Added: spamassassin/site/full/3.2.x/doc/sa-learn.txt
URL: http://svn.apache.org/viewvc/spamassassin/site/full/3.2.x/doc/sa-learn.txt?view=auto&rev=534420
==============================================================================
--- spamassassin/site/full/3.2.x/doc/sa-learn.txt (added)
+++ spamassassin/site/full/3.2.x/doc/sa-learn.txt Wed May  2 05:33:04 2007
@@ -0,0 +1,625 @@
+NAME
+    sa-learn - train SpamAssassin's Bayesian classifier
+
+SYNOPSIS
+    sa-learn [options] [file]...
+
+    sa-learn [options] --dump [ all | data | magic ]
+
+    Options:
+
+     --ham                 Learn messages as ham (non-spam)
+     --spam                Learn messages as spam
+     --forget              Forget a message
+     --use-ignores         Use bayes_ignore_from and bayes_ignore_to
+     --sync                Syncronize the database and the journal if needed
+     --force-expire        Force a database sync and expiry run
+     --dbpath <path>       Allows commandline override (in bayes_path form)
+                           for where to read the Bayes DB from
+     --dump [all|data|magic]  Display the contents of the Bayes database
+                           Takes optional argument for what to display
+      --regexp <re>        For dump only, specifies which tokens to
+                           dump based on a regular expression.

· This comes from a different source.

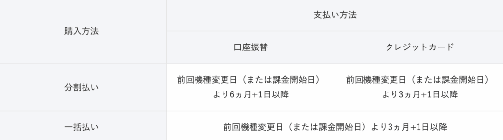 現在利用中の端末の支払い方法により、機種変更ができる時期が異なります。

+     -f file, --folders=file  Read list of files/directories from file
+     --dir                 Ignored; historical compatibility
+     --file                Ignored; historical compatibility
+     --mbox                Input sources are in mbox format
+     --mbx                 Input sources are in mbx format
+     --showdots            Show progress using dots
+     --progress            Show progress using progress bar
+     --no-sync             Skip synchronizing the database and journal
+                           after learning
+     -L, --local           Operate locally, no network accesses
+     --import              Migrate data from older version/non DB_File
+                           based databases
+     --clear               Wipe out existing database
+     --backup              Backup, to STDOUT, existing database
+     --restore <filename>  Restore a database from filename
+     -u username, --username=username
+                           Override username taken from the runtime
+                           environment
+     -C path, --configpath=path, --config-file=path
+                           Path to standard configuration dir
+     -p prefs, --prefspath=file, --prefs-file=file
+                           Set user preferences file
+     --siteconfigpath=path Path for site configs
+                           (default: /etc/mail/spamassassin)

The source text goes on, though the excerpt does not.